→ **TASK GOAL**:
Output exactly the lines from the line that has "行いました。今年は、新型コロ" through the last line of the data below, with no pictures.

── DATA EXCERPT

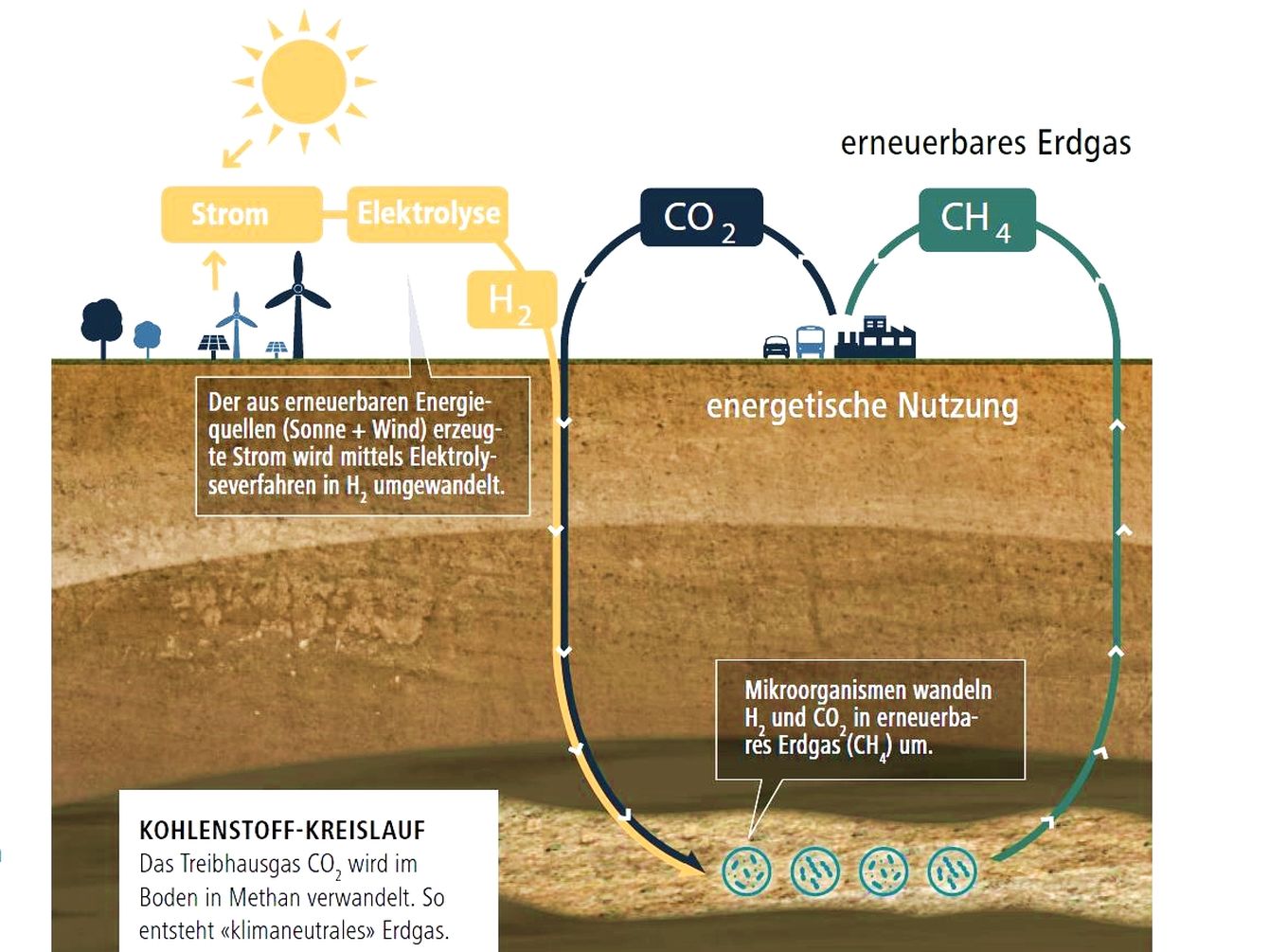 Dort kommen dann die kleinen Helferchen ins Spiel: Mikroorganismen aus der Urzeit, sogenannte Archaeen, wandeln über ihren Stoffwechsel Wasserstoff und CO2 zu erneuerbarem Methan (CH4) um. Archaeen sind auf der ganzen Welt verbreitet, vorwiegend in anaeroben, also sauerstoffarmen Umgebungen, und sie waren vor Millionen von Jahren bereits für die Umwandlung von Biomasse in Erdgas verantwortlich. Durch die Zuführung von Wasserstoff und CO2 in geeignete poröse Sandsteinlagerstätten wird dieser Prozess quasi von neuem gestartet. Das dort unten «hergestellte» Methan kann dann im Winter den Speichern wieder entzogen und als CO2-neutrales Erdgas vielfältig genutzt werden.
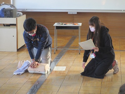 行いました。今年は、新型コロナウイルス感染症の関係で、人工呼吸の練習は行わず、心肺蘇生とAEDの使い方の確認
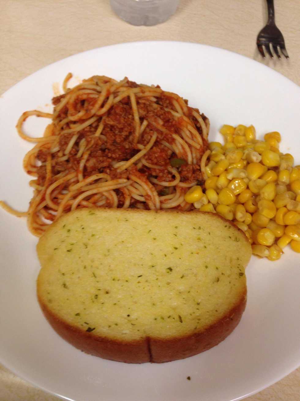 Don't forget your garlic bread and veggies! Enjoy

────

→ **FINISHED EXERCISE**:
 行いました。今年は、新型コロナウイルス感染症の関係で、人工呼吸の練習は行わず、心肺蘇生とAEDの使い方の確認
 Don't forget your garlic bread and veggies! Enjoy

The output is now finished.